Replit now uses Opus 4.6. This will make huge improvements to our apps.
But it is an expensive model. Does anyone know, are we likely to see our bills go up?
Yes
, are you seeing any improvements in apps?
I can definitely see that my Flatrpicker issues that I’ve been struggling with for the last 2 days have been fixed after 5 tries with the new Opus 4.6, so I’m seeing improvements in that way.
I hope it doesn’t cost more than before the release, because it’s already daaamn expensive. ![]()
Not done any work in replit today so not sure. I will monitor next week and see.
But I can only assume Replit isn’t subsidising model rates.
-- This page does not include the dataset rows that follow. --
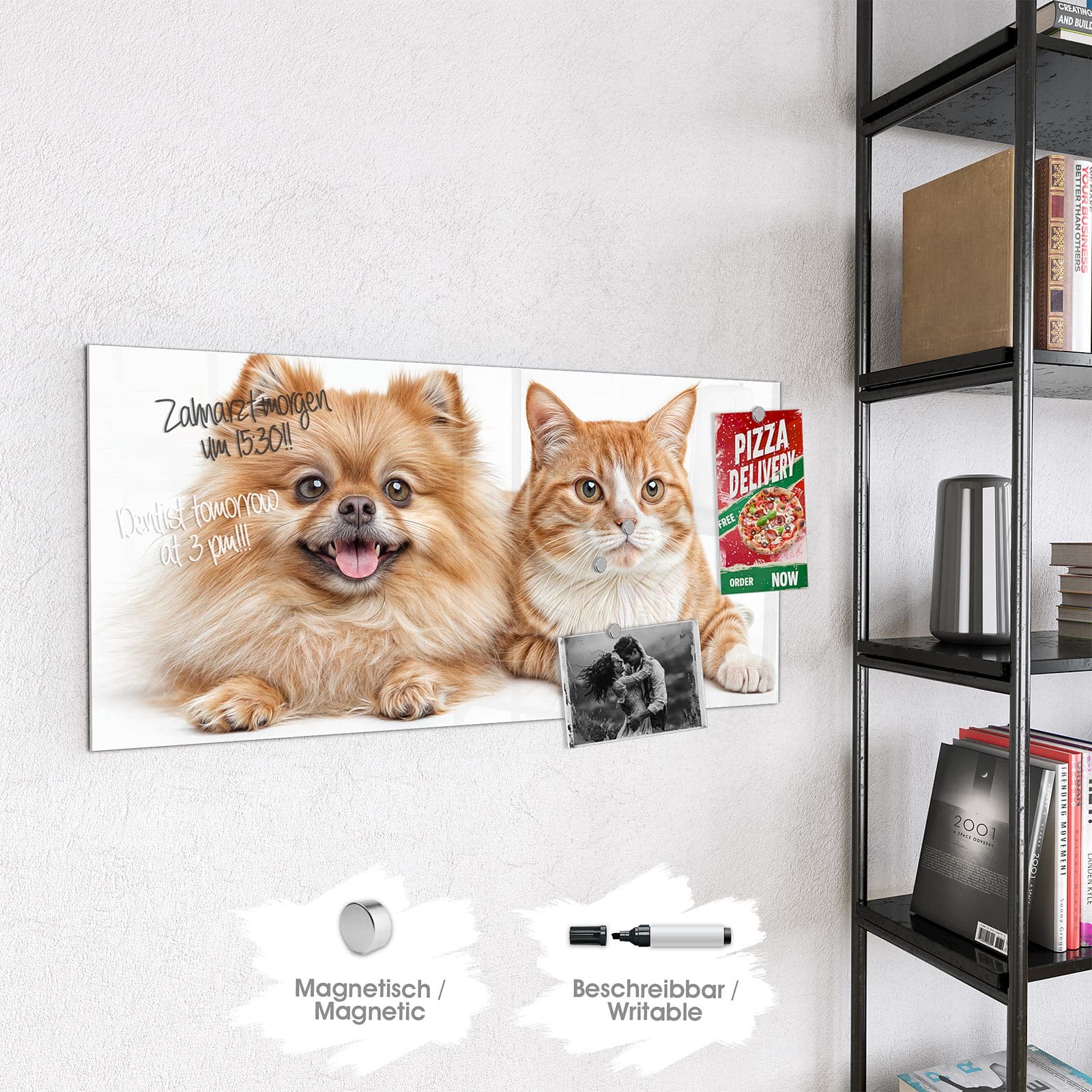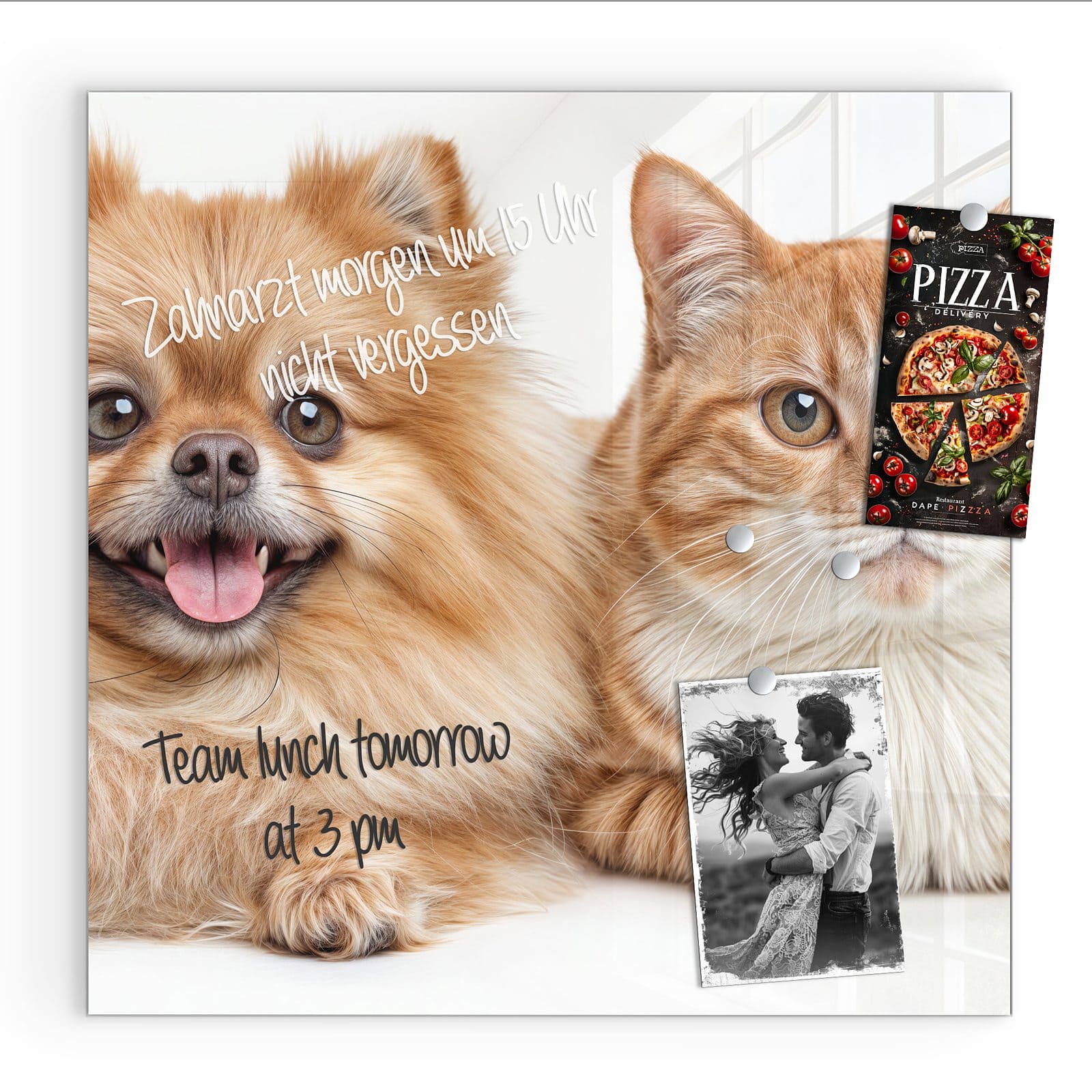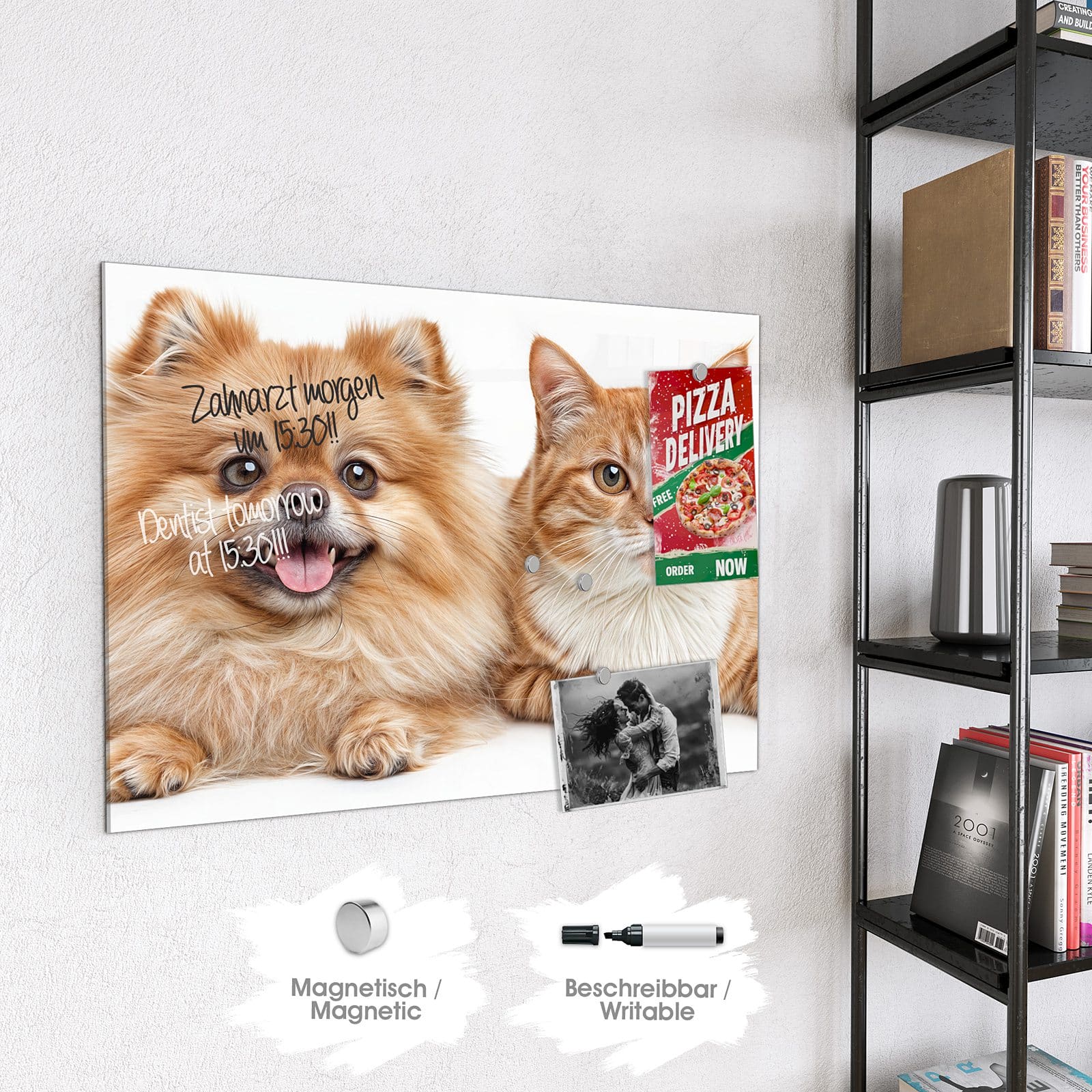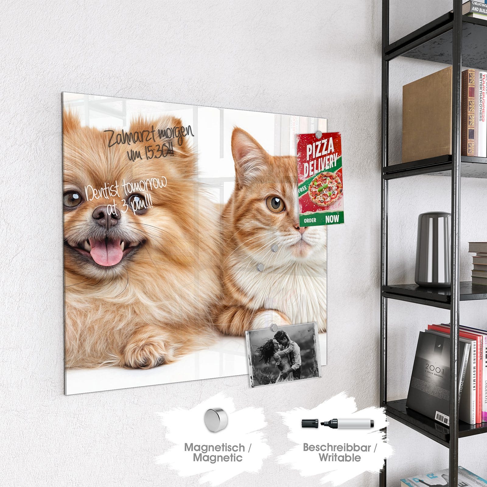Stilvolle Glas-Magnettafel für Ihr Zuhause - Motiv Hund und Katze
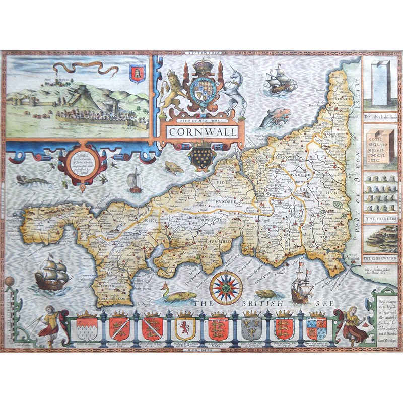 Speed, John. Cornwall, hand-coloured engraved map, inset vignette of Launceston, 505mm x 383mm, London, [c.1610 or after], framed and glazed
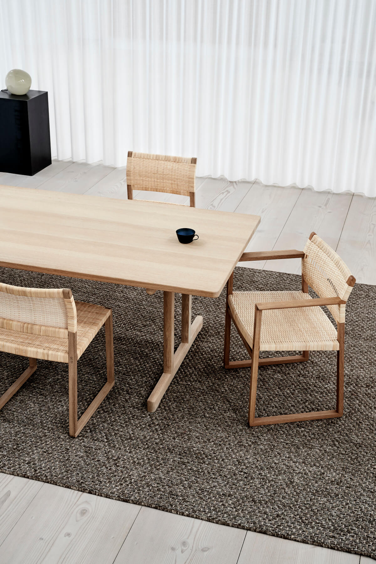 | Details: | Der Stuhl BM62 wurde 1958 von Børge Mogensen entworfen und basiert auf einer minimalen, aber äußerst robusten Konstruktion. Das strukturierte Design wird jedoch durch hervorragenden Komfort und sorgfältig gearbeitete Details bereichert, wie z. B. die freiliegenden Fingergelenke sowie Sitz und Rückenlehne aus Rohrgeflecht. |
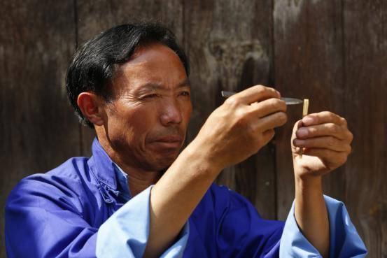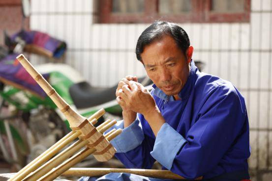 最難的是敲打簧片、割簧片、校單音、校和音這四個程序,最細(xì)致,最需要掌握的就是割簧片。把竹管的聲音和簧片的聲音全部調(diào)成一致,然后還要校正聲音。把單音校好以后還有雙管的,如果不把聲音校準(zhǔn),雙管就會和不起來,吹起來也不好聽,就不能用。
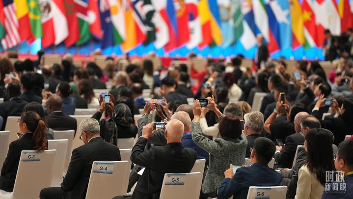 △出席全球妇女峰会开幕式的外方代表。(总台央视记者赵化拍摄)
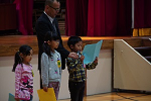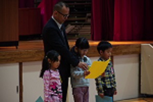 1年生の代表3人が、2学期頑張ったことと3学期頑張りたいことを発表しました。まだ慣れないことが多い中ですが、みんなの前で堂々と発表することができました。
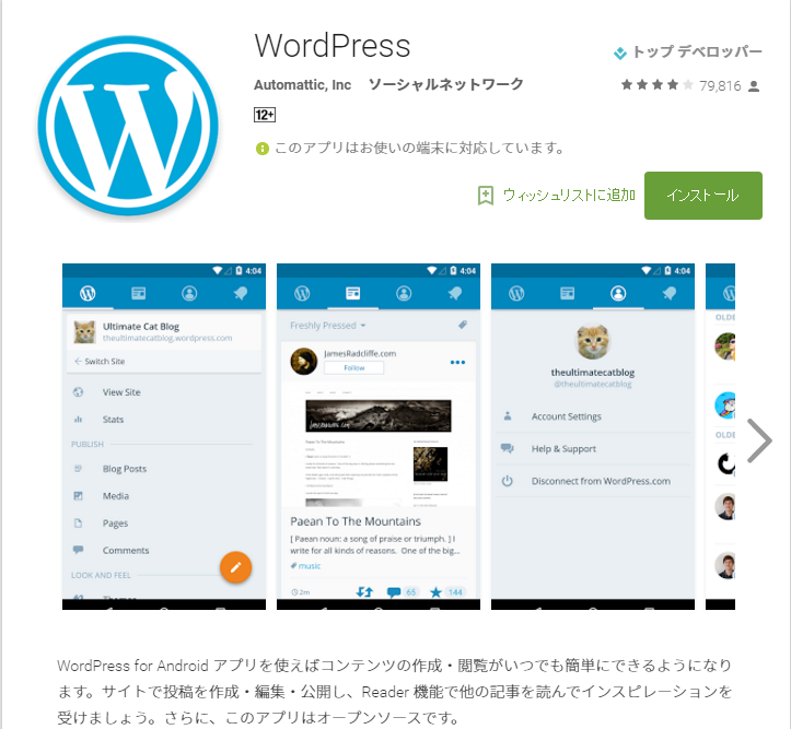 そして最後はいつでもどこでもブログ更新。そんなための必須ツールがWordPressのアプリです。こちらはブログがWordPressであることが前提ではあるものの、どこでも思いついたときに記事の投稿・下書きなどに使用できるのが頼もしい。スマホで記事の概要や下書きを書いて、アイデアをまとめておいて後でPCから編集投稿するということができれば、ブログの更新頻度も上げられる!バージョンアップも頻繁に行われているので機能改善も進んでいてこれからさらに便利になるのではないかと期待できるアプリです。
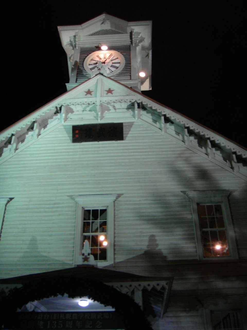 札幌の観光名所時計台は、夜でも観光客が大勢訪れていました。みなさんライトアップされた時計台を、交差点横にある記念撮影用の台から順番にあがって、撮影しております。

So unless they are being given huge discounts, then newer models will be pricier for us. Shame there isn’t a little more transparency on this.
Where can you see which model replit uses?
Sadly you can’t. You have to follow the replit team on X and hear about it that way.
Easy, just monitor your inbox for invoices ![]()
yeah very true indeed!!! ![]()
Ah, well, since I get invoiced daily, that should be no problem! : |
Thanks.
EDIT: Just reviewed all my usage and billing - can’t find the model anywhere. : (
It was a joke. Meaning you will see the invoice amounts shoot up if it is using opus 4.6.
Oh man, I wish it wasn’t a joke. But now that I know, that’s hilarious!
Good point.
Bills are up, mistakes are down, its a win win.
However, it cost me $1.40 to update the .md flies and .replit files for a project. It did a really good job, so do you complain about the price, or be happy with the result? I chose being happy with result, not cared about price if I get exactly what I wanted.
@grayhill5 I said to @Gipity-Steve the other day, seems around 20% higher with 4.6.
But the amount of work getting done per task seems higher. I also can’t remember the last time I had to correct something. It’s the accuracy now that pretty much seems to be 100%, except the odd silly thing, obviously.
It’s really hard to measure the cost / quality ratio.
The Agent does things, reviews with the architect, and makes iterative improvements within the same build cycle - less back and forth with the user. It seems to think better about dependency chains, and catches stuff itself. So probably does more work per single prompt.
That’s all helpful, but not free.
Maybe it consumes costs faster, because it does more autonomously, whereas previously maybe the same workload may have been handled over more days with back and forth with the user.